In November 2005, a vibrant, independent, driven twenty-year-old woman began to experience flu-like symptoms. The inability to keep anything in her body was overwhelming, but she had experienced the flu before, so she thought it would subside over time. After two weeks, the agonizing pain of being void of food swept through her body. Sixteen days after the first onset of symptoms, she lost hearing out of her left ear. Two days later, she lost sight out of her left eye. The same day, she began having difficulty forming coherent sentences and thinking clearly. One day after her vision had failed, she was unable to feel anything from the waist down resulting in dragging her limp, near lifeless body across the floor of her third story apartment. She tried desperately to relieve the symptoms by pulling herself into a hot bath, but the inability to distinguish hot from cold made her terrifying fear worse. Her last memory of her ordeal was looking down at her legs to see blisters from the heat of the bath water she could not feel.
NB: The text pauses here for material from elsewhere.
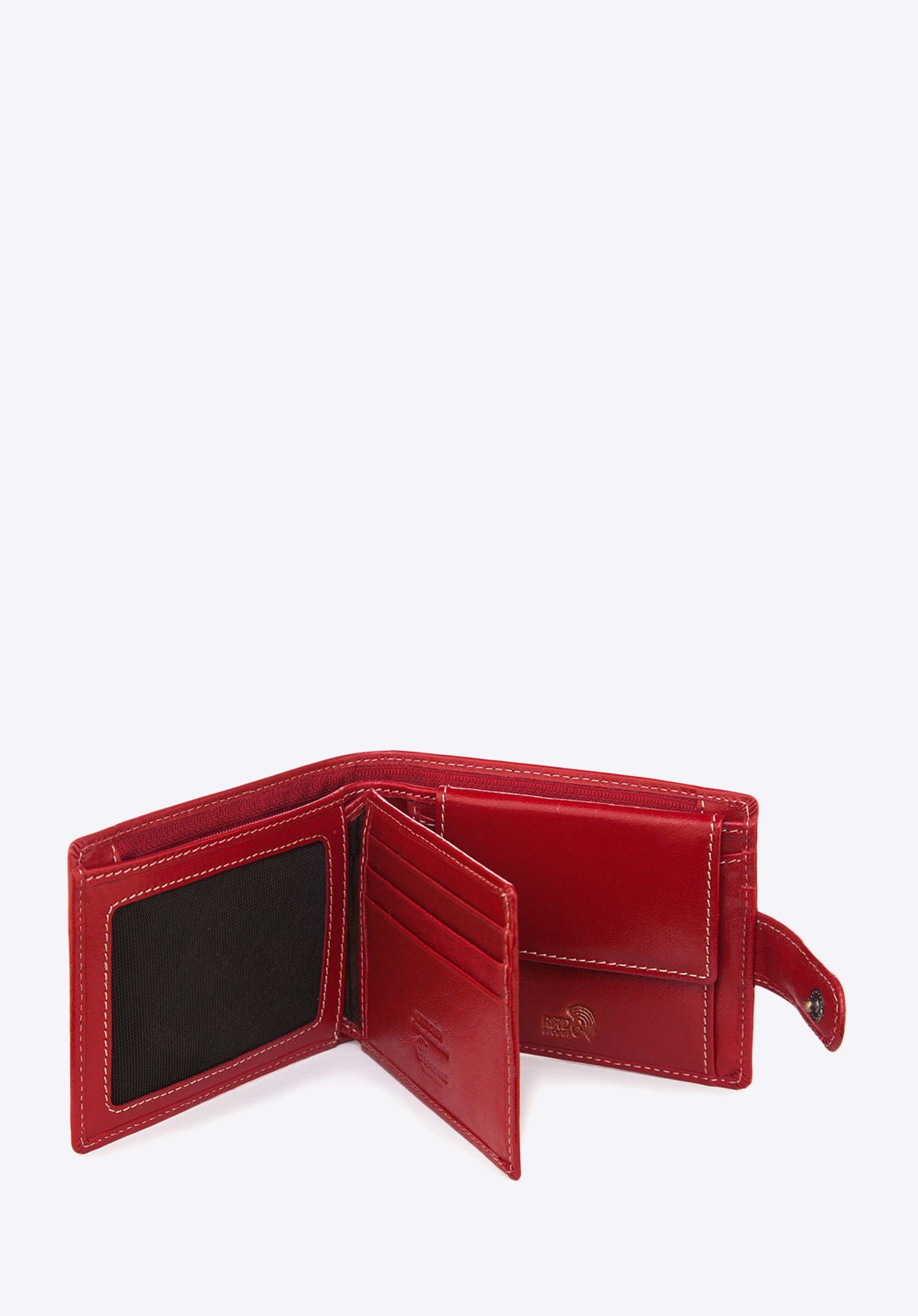 - Bezpieczeństwo: Skórzany portfel jest zabezpieczony paskiem zamykanym na napę, zapewnia skuteczną ochronę Twoich cennych rzeczy.

December 16, 2005, she was taken to the hospital via ambulance. Upon arrival to the hospital, an overdose, stroke, and seizure were questioned. With numerous MRIs, CT scans, and five lumbar punctures, the man who she would soon come to know as "Papa Bear," her neurologist, Dr. Wulff, realized the unthinkable. The evening of December 16, 2005, she was alert, but the symptoms still wreaked havoc on her body. She fell asleep that evening questioning why this was happening to her and wishing for an answer of some kind. The morning of December 17, 2005, Dr. Wulff walked into her hospital room. With her parents, brother, and best friend in the room, he looked at her and said, "From this day forward, your life is going to change. You may not understand it now, but one day you will know the true reason behind the struggles and adversities you face. Desireé, you have Multiple Sclerosis.